June 2022 books read

  • The Future We Choose: Surviving the Climate Crisis (alternate subtitle: The Stubborn Optimist’s Guide to the Climate Crisis) – Christiana Figueres and Tom Rivett-Carnac, 2020. Quotes pulled, TBD
  • Mary’s Neck – Booth Tarkington, 1932. A Jonathan recommendation I loved discussing with him. It’s the tale of a Midwestern family who try to join the in-crowd at a summer resort in Maine. Lots of humor that builds over the episodes, with recurring characters whose foibles create suspense as you wonder what social disaster will ensue this time. I probably wouldn’t read it again but I’m glad I checked it out.
  • The Letter of the Law – Carole Berry, 1987. I love books set in workplaces, and Jonathan recommended this Bonnie Indermill series because she’s in a different environment each time. This is the first, featuring a law firm.
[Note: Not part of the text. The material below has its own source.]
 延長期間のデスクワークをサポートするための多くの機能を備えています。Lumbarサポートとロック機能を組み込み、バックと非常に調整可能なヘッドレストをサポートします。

I did finish it but it wasn’t very satisfactory – it felt like there was no there there, with not enough humor and a boring mystery.
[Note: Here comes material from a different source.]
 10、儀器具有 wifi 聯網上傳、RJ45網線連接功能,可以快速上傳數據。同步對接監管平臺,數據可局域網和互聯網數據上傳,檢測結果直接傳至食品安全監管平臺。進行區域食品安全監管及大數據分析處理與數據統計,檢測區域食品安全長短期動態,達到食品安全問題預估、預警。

  • Scarred: The True Story of How I Escaped NXIVM, the Cult That Bound My Life – Sarah Edmondson, 2019. I picked this up after listening to part of an episode of the A Little Bit Culty episode. I’m intrigued by cults in general and had heard a bit about NXIVM but haven’t watched the documentary (The Vow, HBO). NXIVM seems to be like Scientology in combining features of religion, self-help, and MLM. I did finish it, but it left me puzzled about why the cult was able to attract and keep so many people.
  • The Dutch House – Ann Patchett, 2019. Quotes pulled, TBD.
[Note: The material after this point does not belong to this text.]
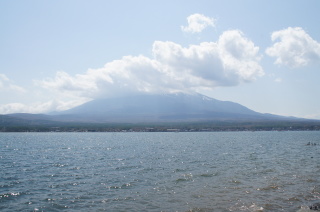 精進湖にて。

  • Les Misérables – Victor Hugo, 1862 (tr. Isabel F. Hapgood, 1887). I’m reading this slowly in French with the Amherst group but finished it fast in translation for Great Books, so will end up with two sets of quotes. In case I don’t get to this ever, giant plug for the amazing Les Misérables Reading Companion podcast, which I am enjoying alongside our weekly discussions. I wish there was something similar for more books, but it’s a tremendous amount of work. Thank you, Briana Lewis, for your labor of love! (I did kick in a donation to help cover the costs because it’s so great)
  • The Last Battle – C. S. Lewis, 1956. Re-read for #Narniathon21.
  • Leaving Mundania: Inside the Transformative World of Live Action Role-Playing Games – Lizzie Stark, 2012. I enjoyed this, and it would make me want to try LARPing if I had all the time in the world…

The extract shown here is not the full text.